Joke jokes
What did one tree say to another in a crisis? Don't leaf me when things get bad.
How did the coke seller react when someone told him a joke?
He CRACKed up.
What day does Venus like?
SATURNday.
I used to have a skeleton of jokes, now my supply is bone dry. Guess I wasn’t that femurous.
So, you're human, huh? Well, I'm a skeleton, so not much gets under my skin.
Every joke I make about 9/11 just has a tendency to crash and burn.
What did the cannibal do after he dumped his girlfriend?
He wiped his ass.
How do you make a peanut laugh? You crack it up!
Hey daddy *winky face*
How do you try to shout at someone on the bottom of the ground?
"Hey, sir! Are you dead?"
Why did the nose cross the road to find the person who "nose"?
Ok, this is a texting joke. This isn't my joke; I found it on Google.
Mom: SON YOURE G-MOM JUST PASSED AWAY lol
Son: Mom, how is that funny?!?! I hope you're not laughing!

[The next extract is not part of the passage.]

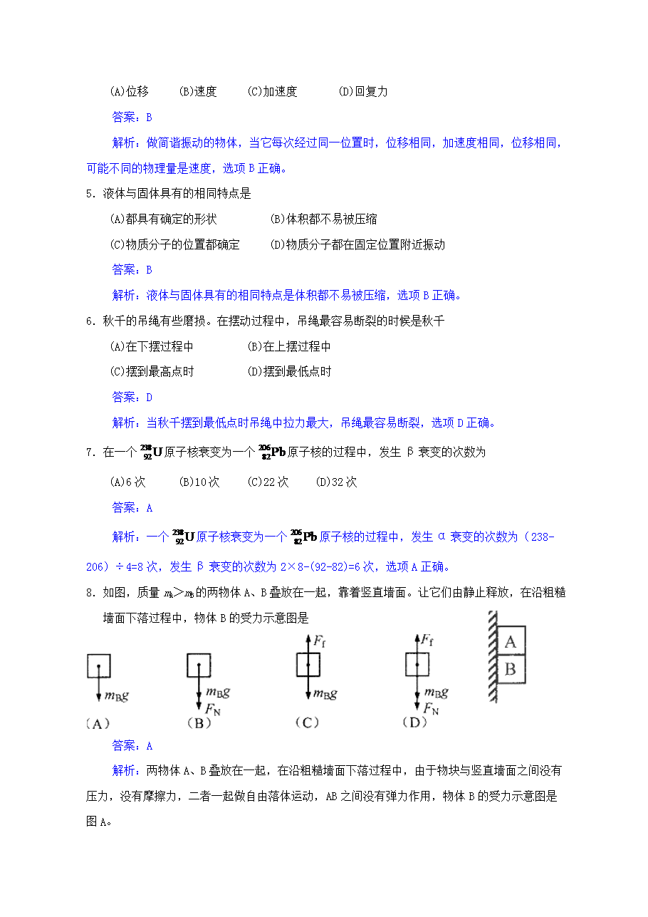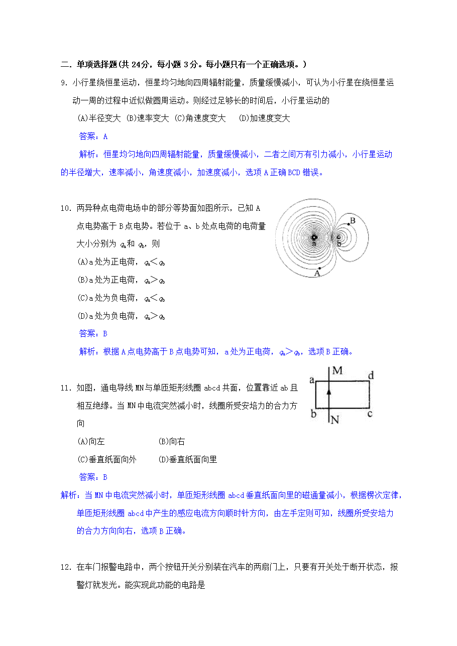 【文檔名稱】 2013年上海高考物理試題及答案(Word版).doc

Mom: OH NO I THOUGHT LOL MEANT LAUGHING OUT LOUD
WARNING: READ THIS JOKE ALOUD!
Was it the pills that stopped his coughing, or was it the coffin they carried him off in?
Why did the chicken cross the road?
Because the one behind it wasn't social distancing.

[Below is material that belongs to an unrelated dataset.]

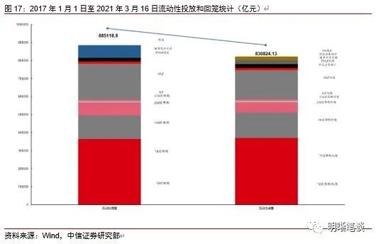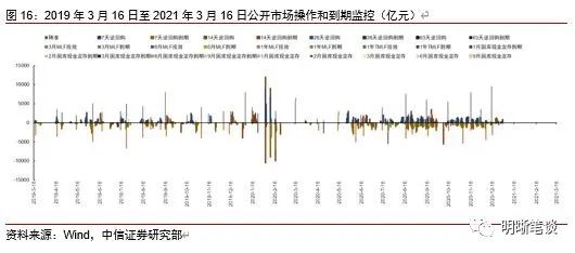 我们对市场流动性情况进行跟踪,观测2017年开年来至今流动性的“投与收”。增量方面,我们根据逆回购、SLF、MLF等央行公开市场操作、国库现金定存等规模计算总投放量;减量方面,我们根据2020年12月对比2016年12月M0累计增加16010.66亿元,外汇占款累计下降8117.16亿元、财政存款累计增加9868.66亿元,粗略估计通过居民取现、外占下降和税收流失的流动性,并考虑公开市场操作到期情况,计算每日流动性减少总量。同时,我们对公开市场操作到期情况进行监控。
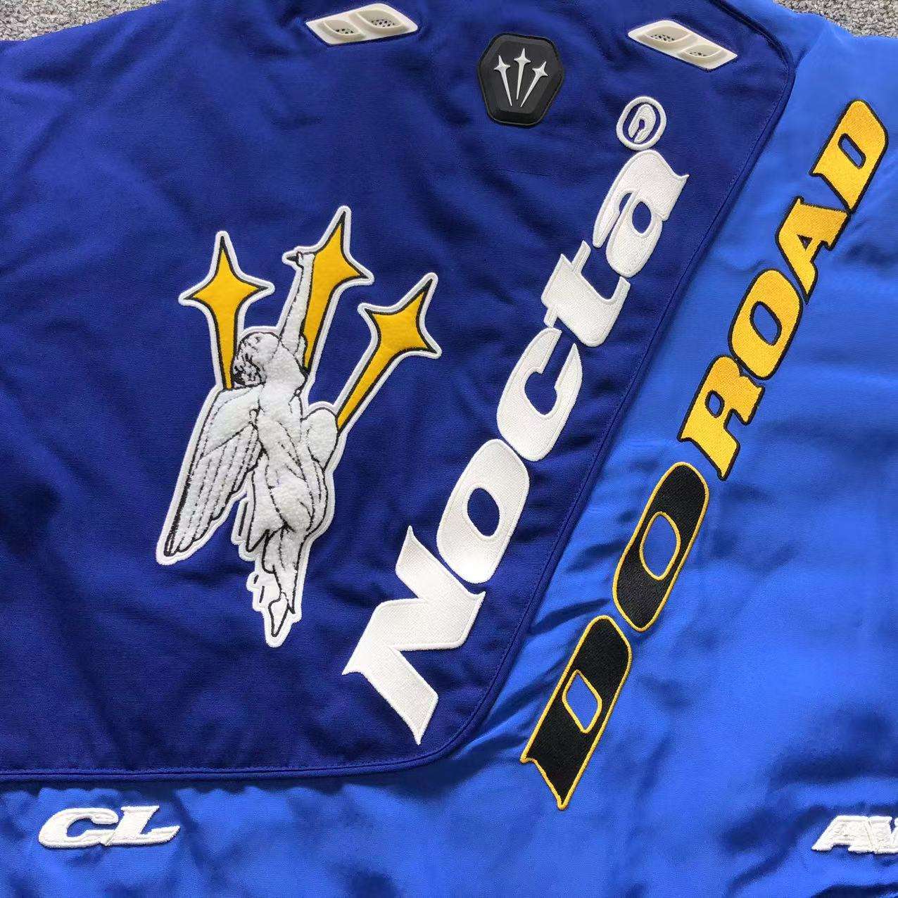 - Gráficos Exclusivos: Bordados y estampados en 3D con el icónico logo de NOCTA, el ángel con tres estrellas y el distintivo «DO ROAD», dándole un look llamativo y único.

Are you a red light? Because I stop every time I see you.
You know, being a bitch is hard... but I found the person who's up for the challenge... you.
You know what pun is used for "waist?"
Nothing. You'll find nothing.
It's just a waste of time.
What did the bison say to his son leaving for school?
"Bye son!"
Get it? Bye son, Bison!
I’m on top of things. Would you like to be one of them?
Once, I tried to say, "P.P. That's funny right there." Instead, I said, you guessed it, "Penis!"